→ **THE TASK**: The required output is the lines of the listing from the beginning through the line containing "廃線跡では、枕木や橋梁、そして子ども達がとっても楽しみにしていたトンネル。", each copied exactly, without any pictures.

→ **DATASET EXTRACT**:
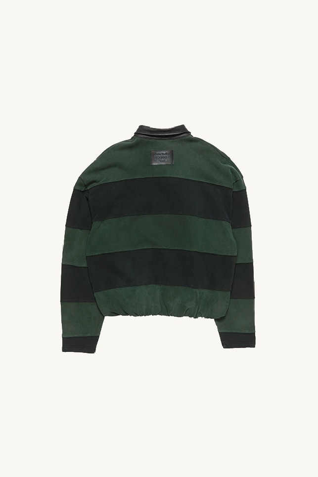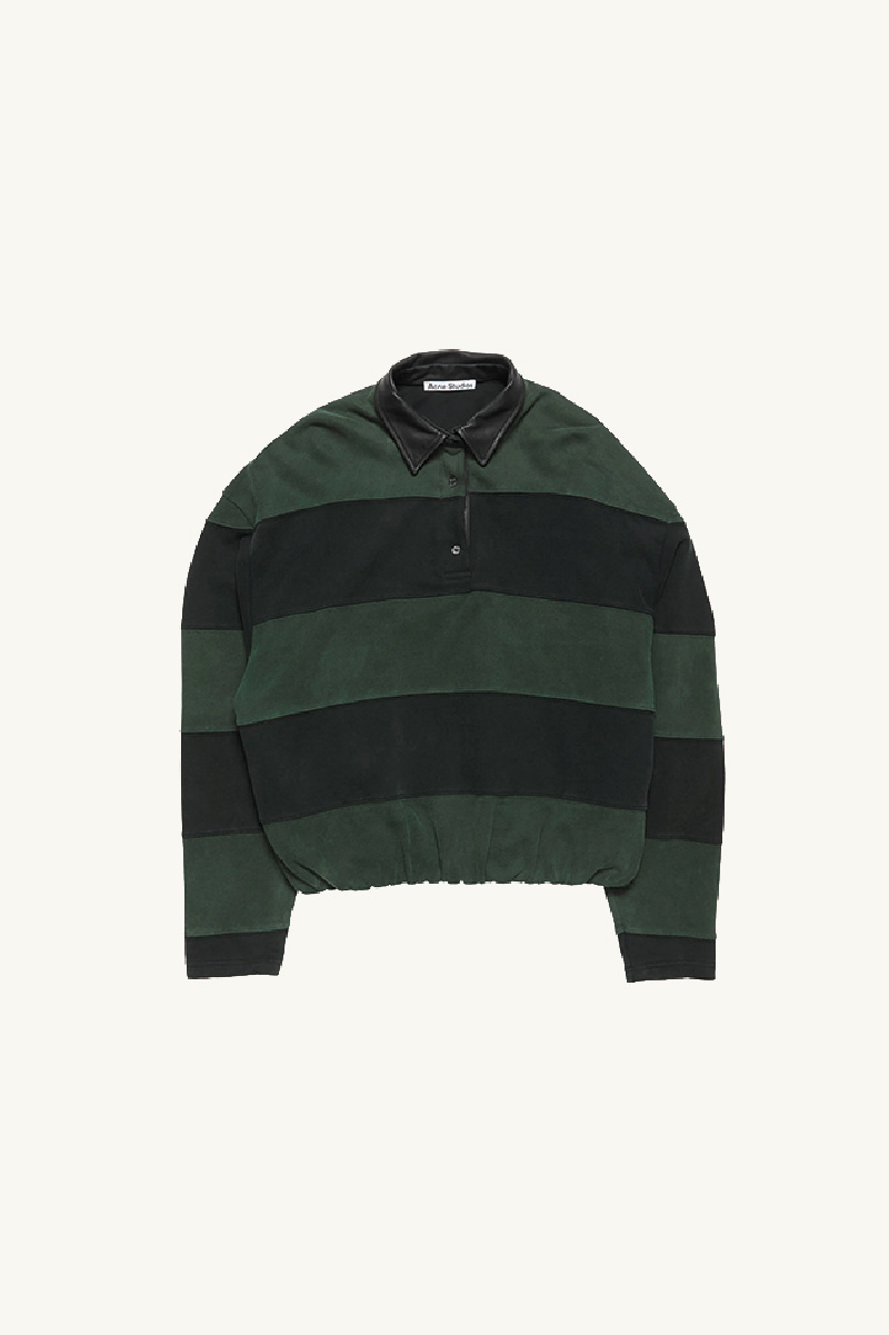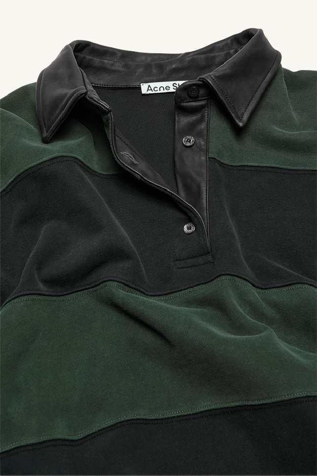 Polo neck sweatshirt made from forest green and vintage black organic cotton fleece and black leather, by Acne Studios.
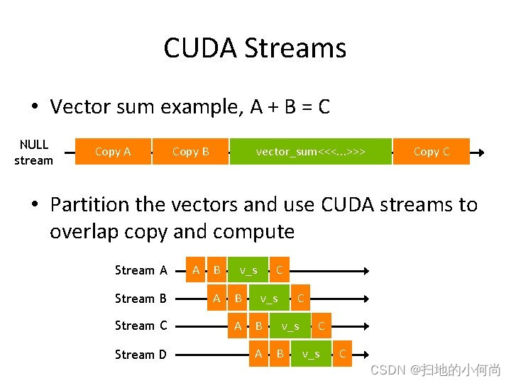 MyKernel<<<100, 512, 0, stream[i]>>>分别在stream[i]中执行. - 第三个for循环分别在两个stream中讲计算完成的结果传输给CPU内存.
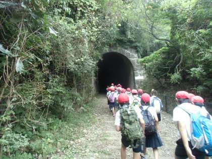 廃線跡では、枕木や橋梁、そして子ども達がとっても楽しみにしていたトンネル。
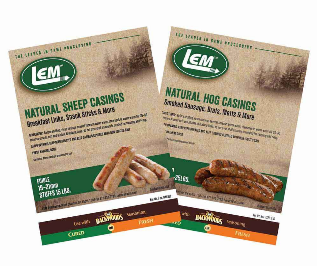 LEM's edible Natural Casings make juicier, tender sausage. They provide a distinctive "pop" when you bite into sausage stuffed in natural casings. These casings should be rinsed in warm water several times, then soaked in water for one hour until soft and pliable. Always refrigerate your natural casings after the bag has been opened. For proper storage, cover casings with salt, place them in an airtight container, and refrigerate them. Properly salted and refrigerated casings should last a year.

→ **THE ANSWER**:
 Polo neck sweatshirt made from forest green and vintage black organic cotton fleece and black leather, by Acne Studios.
 MyKernel<<<100, 512, 0, stream[i]>>>分别在stream[i]中执行. - 第三个for循环分别在两个stream中讲计算完成的结果传输给CPU内存.
 廃線跡では、枕木や橋梁、そして子ども達がとっても楽しみにしていたトンネル。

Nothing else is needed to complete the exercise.